Or maybe I'm just trying to sound impressive and important with all this course information. What does it really mean anyway to be able to sponge all this stuff in and regurgitate it in the right colour and texture for an exam? What really matters is being able to apply what has been learned to research or the job force. Right?

My first few days at UVic were dreadful. I was unimpressed when my very first lecture had maybe 250 students and the lecturer introduced herself as "Professor Venn" (no first name). I had to remember that I am just a student number, just a barcode, a drop in the rain storm that waters this campus. Old acquaintances from labs and lectures didn't seem to recognize me. I felt invisible. It stung.

But luckily UVic isn't very big, and by now I've bumped into almost all of my old friends, and have made a number of new ones. I have people to sit beside in my classes and I feel good strolling around campus.

I DO have too much to juggle, and I feel like I just have to accept that I'm going to lose track and forget things. I've already lost a coursepack, my agenda, and a lab notebook, and I've forgotten one assignment deadline, a violin lesson and my lab coat (twice). And while I'm aware that I have several big midterms next week, I'm not exactly sure when they are.

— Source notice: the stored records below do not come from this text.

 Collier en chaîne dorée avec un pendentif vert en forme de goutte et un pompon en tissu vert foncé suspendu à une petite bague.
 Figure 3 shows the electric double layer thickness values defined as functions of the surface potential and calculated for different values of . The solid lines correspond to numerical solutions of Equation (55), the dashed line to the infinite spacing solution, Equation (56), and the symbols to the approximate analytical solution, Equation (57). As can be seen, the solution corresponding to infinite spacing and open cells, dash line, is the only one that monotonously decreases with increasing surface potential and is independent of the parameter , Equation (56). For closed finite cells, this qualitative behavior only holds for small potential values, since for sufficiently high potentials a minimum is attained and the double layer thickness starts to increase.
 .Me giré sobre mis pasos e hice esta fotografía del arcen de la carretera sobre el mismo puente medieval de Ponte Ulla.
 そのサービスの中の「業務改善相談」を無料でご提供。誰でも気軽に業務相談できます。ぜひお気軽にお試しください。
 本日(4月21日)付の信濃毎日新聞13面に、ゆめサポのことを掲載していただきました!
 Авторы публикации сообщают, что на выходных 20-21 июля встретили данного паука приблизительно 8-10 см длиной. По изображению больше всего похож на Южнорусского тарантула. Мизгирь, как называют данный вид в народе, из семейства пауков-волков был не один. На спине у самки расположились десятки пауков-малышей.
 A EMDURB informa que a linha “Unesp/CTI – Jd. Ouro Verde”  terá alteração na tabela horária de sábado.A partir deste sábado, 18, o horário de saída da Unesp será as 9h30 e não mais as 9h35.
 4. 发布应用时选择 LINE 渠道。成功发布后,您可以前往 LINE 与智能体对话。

Oh, and then there's the work VISA application for Switzerland, which I haven't started (I just got my passport today, and if you're trying to get a Canadian passport right now, I'm sure you can appreciate the stuggle). I need to learn to drive standard before May. I'm volunteering 4 hours a week sorting aquatic inverts for a fellow doing his Masters, and then one day every month at the Marine Ecology Station in Sidney. And at some point I promised our co-op coordinator I'd write up a side-report...and speaking of co-op I have work leftover from my last co-op term with Agriculture Canada in Agassiz, BC. I was working on a spider identification project (really really neat actually - I found a lot of introduced species that have never been reported in Canada before - but if you get me stared about that I won't shut up), and I have more labwork and writing to do to get that off the ground so that it can go into a journal (and be my very first scientific publication, woo!). Oh! And for any of you U*Uers who know the lingo, I'm leading an LDC for YRUU in Ohio in March, and my C*LDC was more than two years ago and I have to blow dust off ye olde LDC guide and prep for that one. I have my plane tickets and a passport though. And at some point I have to go donate blood, because it's been year(s) since I've been anaemic and I should do that.

So maybe that was more a to-do list for me than it was an interesting thing for you to read, but I'm posting it anyway.

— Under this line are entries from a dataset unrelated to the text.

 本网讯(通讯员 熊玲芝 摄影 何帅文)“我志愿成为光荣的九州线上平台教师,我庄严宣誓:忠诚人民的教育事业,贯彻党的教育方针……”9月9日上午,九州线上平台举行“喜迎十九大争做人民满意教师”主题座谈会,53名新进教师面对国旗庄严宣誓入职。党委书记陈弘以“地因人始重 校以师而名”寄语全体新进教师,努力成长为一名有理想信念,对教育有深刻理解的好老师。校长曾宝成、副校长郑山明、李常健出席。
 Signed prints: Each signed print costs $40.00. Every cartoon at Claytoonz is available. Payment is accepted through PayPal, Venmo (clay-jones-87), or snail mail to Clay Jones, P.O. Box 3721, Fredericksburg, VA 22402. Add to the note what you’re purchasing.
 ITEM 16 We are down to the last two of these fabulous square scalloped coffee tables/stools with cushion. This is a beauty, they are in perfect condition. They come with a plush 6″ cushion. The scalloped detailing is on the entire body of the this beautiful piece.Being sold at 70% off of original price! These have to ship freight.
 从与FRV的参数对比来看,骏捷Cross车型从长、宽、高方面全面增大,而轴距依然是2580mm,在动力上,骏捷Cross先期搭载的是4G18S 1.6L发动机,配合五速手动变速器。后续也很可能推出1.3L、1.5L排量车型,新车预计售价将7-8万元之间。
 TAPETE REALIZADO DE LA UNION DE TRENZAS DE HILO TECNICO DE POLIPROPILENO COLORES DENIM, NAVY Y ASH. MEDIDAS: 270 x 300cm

In a way this is a life-style test. It's a test to see if I can la-dee-da through a very difficult semester, if pure curiousity and intrinsic enjoyment of school subjects will carry me through, if I can beat rote memorization with deeper comprehension, if everything will just fall into place if I let it be.

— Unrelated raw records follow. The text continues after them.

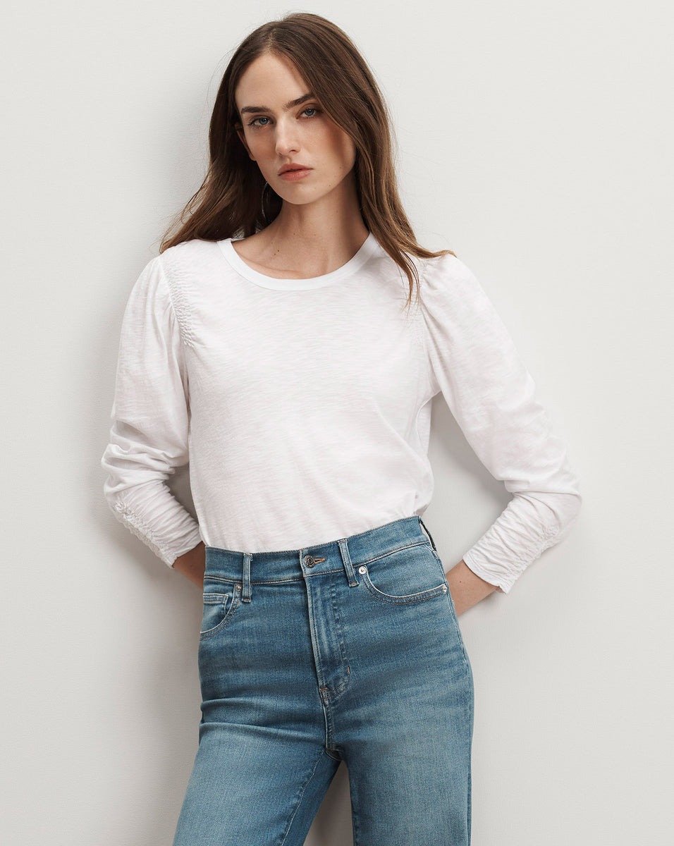 A feminine take on the long-sleeve tee. Crafted from 100% premium cotton in classic white, the Bouvet features smocked ruching along the shoulder seams to create soft folds and subtle dimension. Incredibly versatile, this crewneck pairs effortlessly with jeans, trousers, and skirts alike.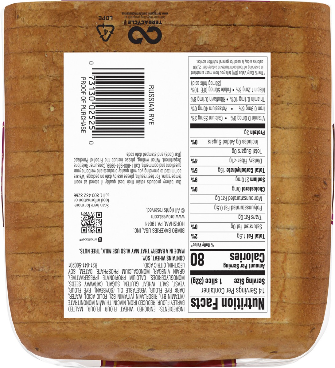 OROWEAT RUSSIAN RYE BREAD 16OZ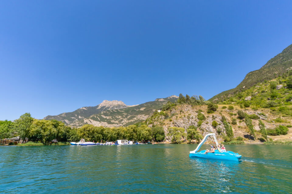 Paddle, pedal boats, inflatable water park, supervised swimming. Perfect for cooling off, relaxing and moving around a bit. Shaded areas for naps, electric barbecues to end the day.

Maybe I should set up a betting pool? Will she drop out of her courses? Will she make it through? Any takers?

I'm living in an apartment in Vic West and I love it. I live with Anna (a wonderful woman I met through Capital U*U - and if you wanna look up U*U I recommend googling or wikiing "Unitarian Universalist") and two cats. I have a big bedroom, I live really close to the ocean on two sides and a nice coffee shop and I LOVE my 45 min direct bus ride because the buses are double-decker and I can sit on the top and get one of three much needed things: (1) time to study, (2) time to sit and think, (3) time to visit with people.




(Spiral cafe - local joing with live band; the gorge by my house; apartment across the street with palm trees, gotta love Victown)

When asked 'how are you' I say 'good,' because it's an average. I'm a bit of a roller coaster: I might be dancing one minute, without a care, and the next I'm pulling out my hair and twitching with anxiety. I feel very vulnerable to the littlest comment or action or change in the wind (for better or worse).

So overall, I'm good. Busy (or at least I should be busy), but good. Occasionally on-the-edge-of-nervous-breakdown-give-me-more-coffee-or-please-don't-give-me-another-drop-I-just-might- but then I'm in love with a cloud or something sparkly and life is good.